Investmentdude said:


> It’s in the 30’s here tonight.  I have sections of old oak fence boards mixed with a few logs. Free free. It does get the temps up quick.  Cheers!!


Burn it, It’s all BTU’s in the end.....


----------



## Oakey

Low 40s here rainy drizzly no wind .  Mixed bag of   Red Oak Black Locust and Spruce


----------



## AdamWayte

Jay106n said:


> Temps were in the 20's this morning. I woke up and checked the firebox of my All Nighter Moe, which I found still had some coals from last nights overnight burn. I tossed in a few pieces of pine to get it started up again, shortly followed by a link or two of cherry which coal up real nice, and topped off with some ash splits to last a few hours.
> 
> I vary my wood types by time of day, outside/inside temps, and length of burn.  What is in your stove right now?


----------



## AdamWayte

AdamWayte said:


> View attachment 307079


Canada. It’s all about the fuel you put in it. chit in chit out. I burn wood that I dropped 2 years ago.


----------



## Wisdomoak159#19

Outside at 28 lows to 23  stove room 73 ash maple and cherry tonight


----------



## thewoodlands

It's 33.3 outside tonight with the basement temp starting at 75, up here between 69 to 70 with the sleeper at 68.

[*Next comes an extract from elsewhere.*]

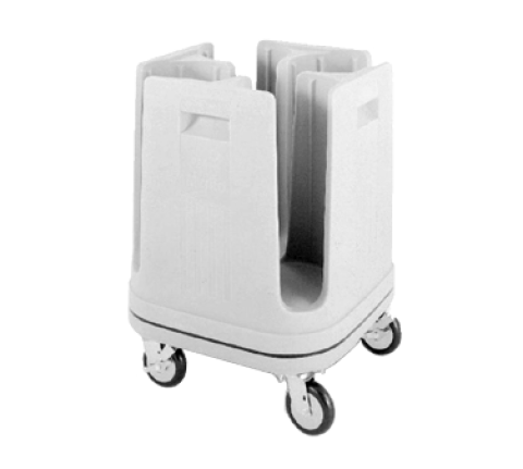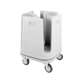 Poker Chip Dish Dolly, 21-1/2"W x 21-1/2"D x 31-15/16"H, non-adjustable, (240) max dish: size 8-1/4" (4) columns (approx 60 dishes/column), 2-handed acess, recessed handles, 5"Dia. swivel casters (2 with brakes) with neoprene wheels, chip-resistant polymer shell with Microban® antimicrobial protection, aesthetic blue, vinyl dust/water splash cover, NSF

The wood stove has a load of ash for the overnight load.


----------



## thewoodlands

Wisdomoak159#19 said:


> Outside at 28 lows to 23  stove room 73 ash maple and cherry tonight


The new stove is making a big difference, nice.


----------



## Kevin Weis

30's tonight.  Mostly Ash and Mulberry.


----------



## Wisdomoak159#19

thewoodlands said:


> The new stove is making a big difference, nice.


I would say so far between 15 to 25f difference. Should've bought a big one first.


----------



## mpaul

Let the stove go cold last night with overnight lows outside of 30 house was at 74. Woke up to the house at 61. Finally  put a full load in.


----------



## zmender

Slept in this morning and only had a small handful of mostly dead coal. The stove definitely needed a pick-me-up. Full load but with a layer of kindling on top of raked coal, and in the spaces between wall and end of wood I filled up with cardboard. Took 45min before I could turn down primary but the stove is cruising now.


----------



## boomfire

Its been a nice few warm days in the last week. On the bright side, barely had to burn any firewood, It Sucks as all the snow melted and have to travel north for better snowboarding conditions.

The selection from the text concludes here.